Rejection, abandonment; still stinging after all these years, like a vicious spider’s effort to keep her prey from escaping her grasp…this permeates my life like a sickening, deadly venom…

Even though I know that God has used the childhood wounds in His sovereign grace to bring me into His acceptance by the embrace of the Lord Jesus Christ—who is more to be desired than even a happy family life…

Unfathomable to my reasoning mind is that after years of counseling, I discover that the wounds of childhood rejection have burrowed so deeply into my soul that I cannot even remember how the lovely things God put into my life made me feel…even to this day, I am numb to how the beauties and blessings make me feel…I can neither put words to the pleasure, nor can I feel it fully, embracing it, allowing it to wrap me in the touches of the moments of comfort…
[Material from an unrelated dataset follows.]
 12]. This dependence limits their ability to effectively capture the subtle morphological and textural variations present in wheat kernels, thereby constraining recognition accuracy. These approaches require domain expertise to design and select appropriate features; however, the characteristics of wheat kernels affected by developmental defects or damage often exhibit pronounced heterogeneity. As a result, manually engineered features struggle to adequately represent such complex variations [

Like a recurring bad dream, I feel the loss more vividly in every unfulfilled hope of friendship near at hand—every joy which is followed by changing circumstances over which I have no control—instead of rejoicing in the moment and the season of the joys of that friendship while it is near at hand, and blessing the friends as God sends them on their appointed paths apart from me…

The loss is what takes hold of my soul…and I have turned a lock on my heart that is barring the way to enjoying new moments, new seasons of friendship with those God has moved into my reach and touch…Instead, I anticipate the ever-looming hand of change which promises to move these ones I would grasp as friends far away from my reach and the presence of their touches of kindness and endearment…
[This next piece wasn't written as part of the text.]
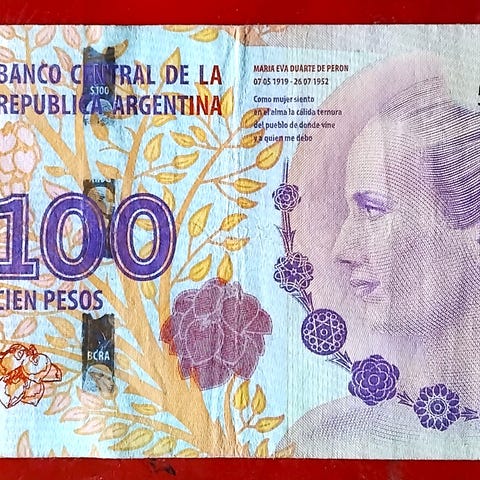 stammer fra perioden omkring 1973–1981. Den viser portrættet af General José de San Martín, en nationalhelt i Argentina, og bygningen på bagsiden er Casa de Gobierno de Mendoza.

 Something deep in my soul cries out to me that this is sin. I know that God commands (even promises by the giving of His Spirit to my life) that I will not covet another’s joy or pleasure or blessing; nor will I make an idol of joy or pleasure or blessing…But to suppress recognition and embrace of God’s gifts of joy and moments of pleasure and blessing because of fear of loss of them, or by choosing to feel the pain of old wounds: that is sin, also—grievous sin… It is a root of bitterness—not unforgiveness, but simply a self-imposed famine bringing with it needless suffering…for myself and for those who want to be my friend and to share their blessings with me for as long as God would have them in my life…

 The 23rd Psalm says: “…Surely, goodness and mercy shall follow me all the days of my life…” (vs.6)…

 The same God who rescued me from my self at this season 35 years ago, is the same God who has been watching over my life with all its pain and all its pleasures to bring me safely into the rapturously loving grip of the Lord Jesus, My Shepherd…The same God who is sovereign and supreme and holy and majestic and far above all that I am or can conceive, is the same Great Shepherd who employs His hounds of love to follow me with goodness and mercy… And I have been acknowledging them with scarcely more than an obligatory word of thanks…I have insulated my feelings from their kisses, their warmth, their attentiveness, their sympathies, their sensitivities to my weaknesses and needs; their unconditional affectionate gestures…and God calls to me as He cried out to Adam in the garden: “where are you?” (Genesis 3.9; emphasis, mine).

He knows where I am…it is to this place He has tracked me, this Springtime when I caught the scent of hyacinths and heard the jubilant birdsong in my “coma”…And, this gorgeous Springtime day, with the wind of His cleansing blowing all about me, I step out into His gaze and surrender… “I have heard You, but now my eye sees You; therefore, I despise myself, and repent in dust and ashes…” (Job 42.5-6).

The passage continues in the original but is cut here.